## WORK TASK:
Retype exactly the lines from the one that contains "이어지는 각 줄마다 첫" through the end of the listing, both included, but not the pictures.

## INFORMATION SHOWN:
===============

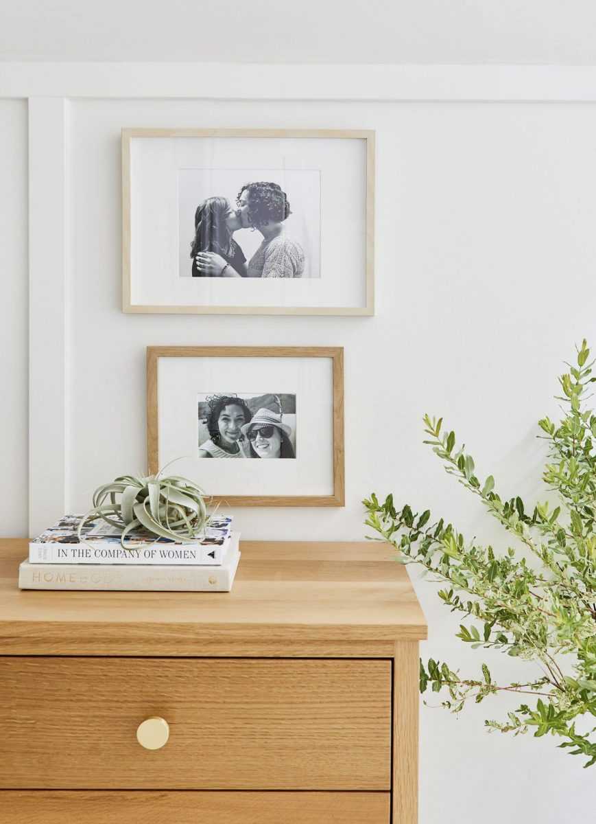 Гостиная стена которой оформлена черно-белыми фотографиями, а мебель имеет необычные формы.
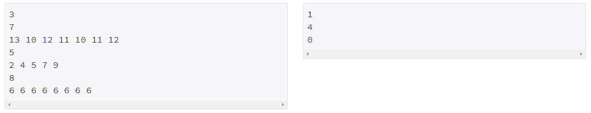 이어지는 각 줄마다 첫 줄에 통나무의 개수를 나타내는 정수 N(5 ≤ N ≤ 10,000), 둘째 줄에 각 통나무의 높이를 나타내는 정수 Li가 주어진다. (1 ≤ Li ≤ 100,000)
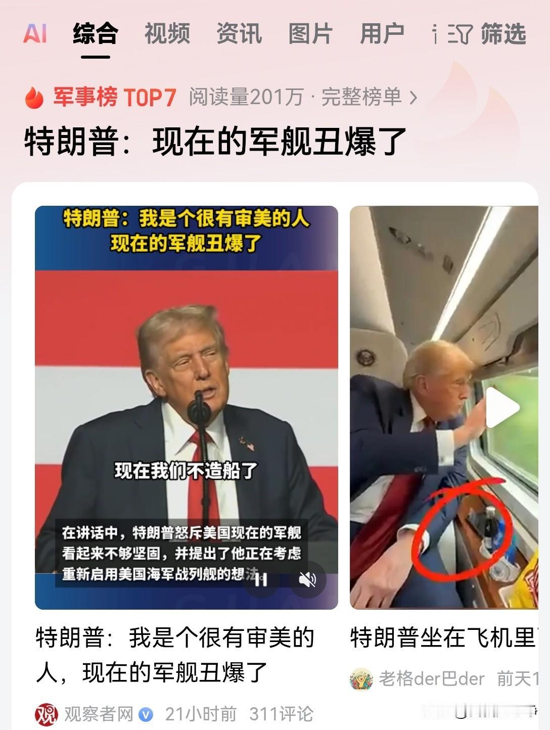 对于特朗普的审美来说,现在的战舰真的是很丑,他喜欢的还是过去的大舰巨炮时代的风格! 特朗普在对美国将军们演讲的时候,公开表示。 现在的战舰真的不好,非常丑,一点美感都没有。 我觉得我们还是要恢复战列舰风格。 不要搞什么铝合金了,还是要搞钢铁战舰。 哎呀,这个老头真的是疯了,战列舰那都是什么年代的产物了? 当导弹横空出世之后,战列舰已经走到它的终点。 舰炮的射程再远也比不上导弹啊,至于说精度方面更不要说了,那都没法比! 特朗普为什么要说这番话呢?实际上就是因为美国现在在新式军舰上已经彻底落伍了。 他们的造舰能力已经崩了。 我没有,我搞不出来,那我就抹黑你。 看着别人家吃排骨,自己手里只有两根咸菜。 然后就跟自己家里说,排骨最不好吃了,都是臭的! 还是咱们家的咸菜最好吃! 好吧,特朗普你开心就好,慢慢玩儿吧! 当然了,有一点咱们不否认,过去战列舰时代的那种大舰巨炮风格确实充满了铁血的美感! 那是上百年历史所积淀下来的一种审美,好看是真好看啊! 但是你不能光看好看不好看,你也得战斗啊! 坦克车的钢铁洪流直接碾压过去,那场景更加壮观。 可是却架不住一两千美元一架的无人机进攻! 你说那单薄的四轴无人机,跟厚重的主战坦克比哪个更好看一些呢? 战争不是比审美的,战争那是分生死的地方! 特朗普你作秀可以对红脖子们作秀,你在人家专业的将领面前大放厥词,这只能是徒增笑柄了! 对了,还有一件事儿,希望特朗普要明白。 你们美国现在钢铁业也已经没落了。 就算你想修建战列舰,估计特种钢材也得进口! 咱们中国产量最大,你买不买呢?
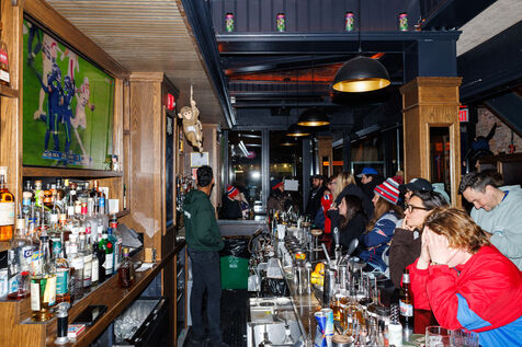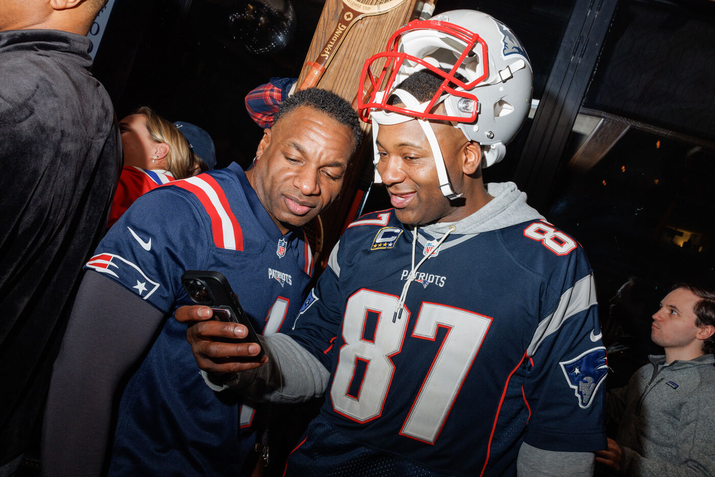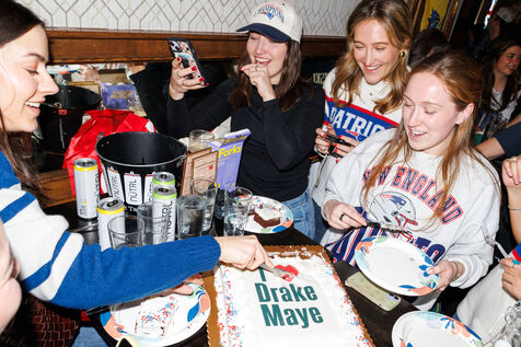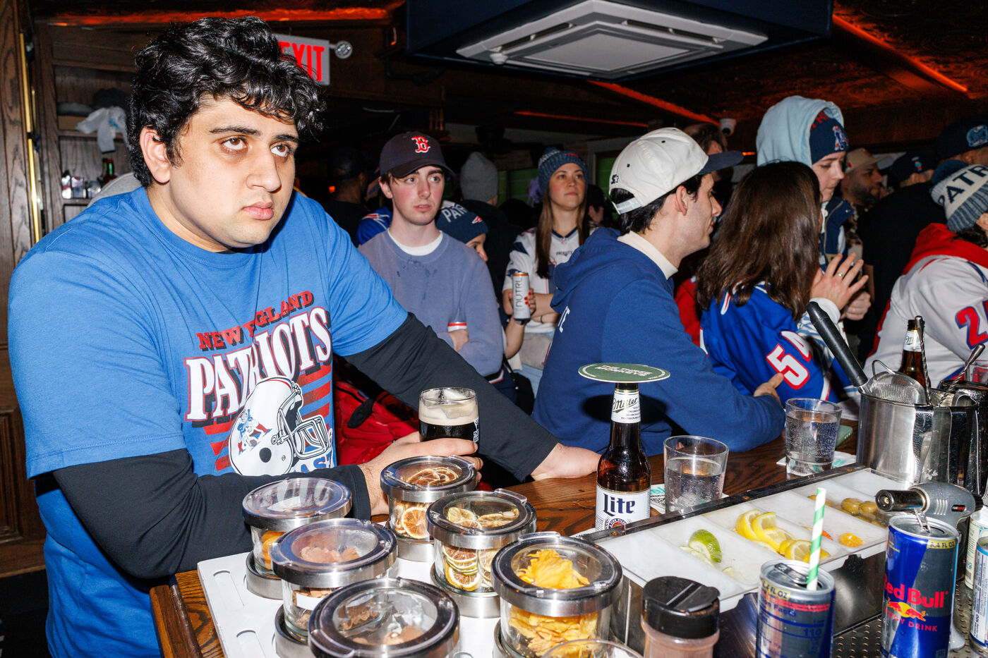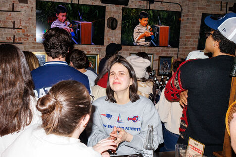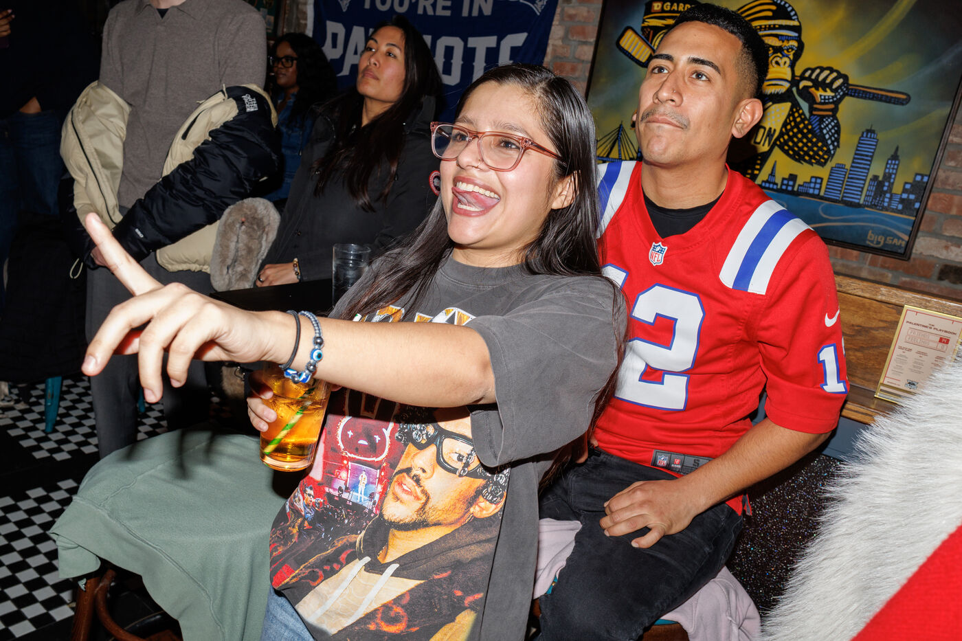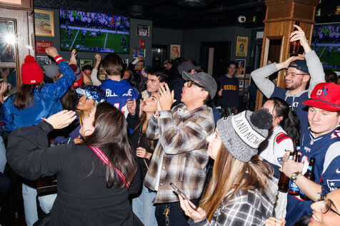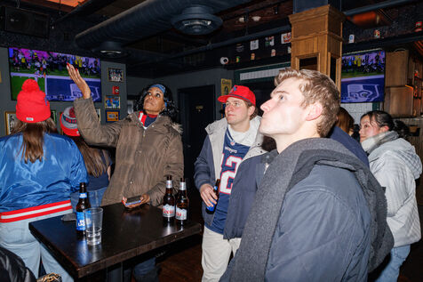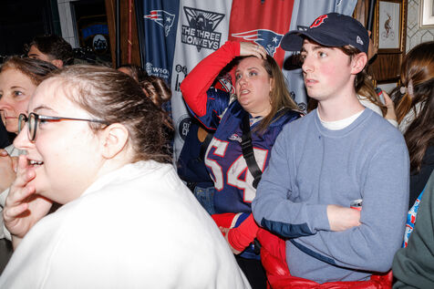 People attend a watch party for Super Bowl LX held at Three Monkeys bar in New York City, New York, USA on February 8, 2026. The New England Patriots are taking on the Seattle Seahawks at Levi's Stadium in Santa Clara, California.

===============

## ANSWER FOR THIS EXERCISE:
 이어지는 각 줄마다 첫 줄에 통나무의 개수를 나타내는 정수 N(5 ≤ N ≤ 10,000), 둘째 줄에 각 통나무의 높이를 나타내는 정수 Li가 주어진다. (1 ≤ Li ≤ 100,000)
 对于特朗普的审美来说,现在的战舰真的是很丑,他喜欢的还是过去的大舰巨炮时代的风格! 特朗普在对美国将军们演讲的时候,公开表示。 现在的战舰真的不好,非常丑,一点美感都没有。 我觉得我们还是要恢复战列舰风格。 不要搞什么铝合金了,还是要搞钢铁战舰。 哎呀,这个老头真的是疯了,战列舰那都是什么年代的产物了? 当导弹横空出世之后,战列舰已经走到它的终点。 舰炮的射程再远也比不上导弹啊,至于说精度方面更不要说了,那都没法比! 特朗普为什么要说这番话呢?实际上就是因为美国现在在新式军舰上已经彻底落伍了。 他们的造舰能力已经崩了。 我没有,我搞不出来,那我就抹黑你。 看着别人家吃排骨,自己手里只有两根咸菜。 然后就跟自己家里说,排骨最不好吃了,都是臭的! 还是咱们家的咸菜最好吃! 好吧,特朗普你开心就好,慢慢玩儿吧! 当然了,有一点咱们不否认,过去战列舰时代的那种大舰巨炮风格确实充满了铁血的美感! 那是上百年历史所积淀下来的一种审美,好看是真好看啊! 但是你不能光看好看不好看,你也得战斗啊! 坦克车的钢铁洪流直接碾压过去,那场景更加壮观。 可是却架不住一两千美元一架的无人机进攻! 你说那单薄的四轴无人机,跟厚重的主战坦克比哪个更好看一些呢? 战争不是比审美的,战争那是分生死的地方! 特朗普你作秀可以对红脖子们作秀,你在人家专业的将领面前大放厥词,这只能是徒增笑柄了! 对了,还有一件事儿,希望特朗普要明白。 你们美国现在钢铁业也已经没落了。 就算你想修建战列舰,估计特种钢材也得进口! 咱们中国产量最大,你买不买呢?
 People attend a watch party for Super Bowl LX held at Three Monkeys bar in New York City, New York, USA on February 8, 2026. The New England Patriots are taking on the Seattle Seahawks at Levi's Stadium in Santa Clara, California.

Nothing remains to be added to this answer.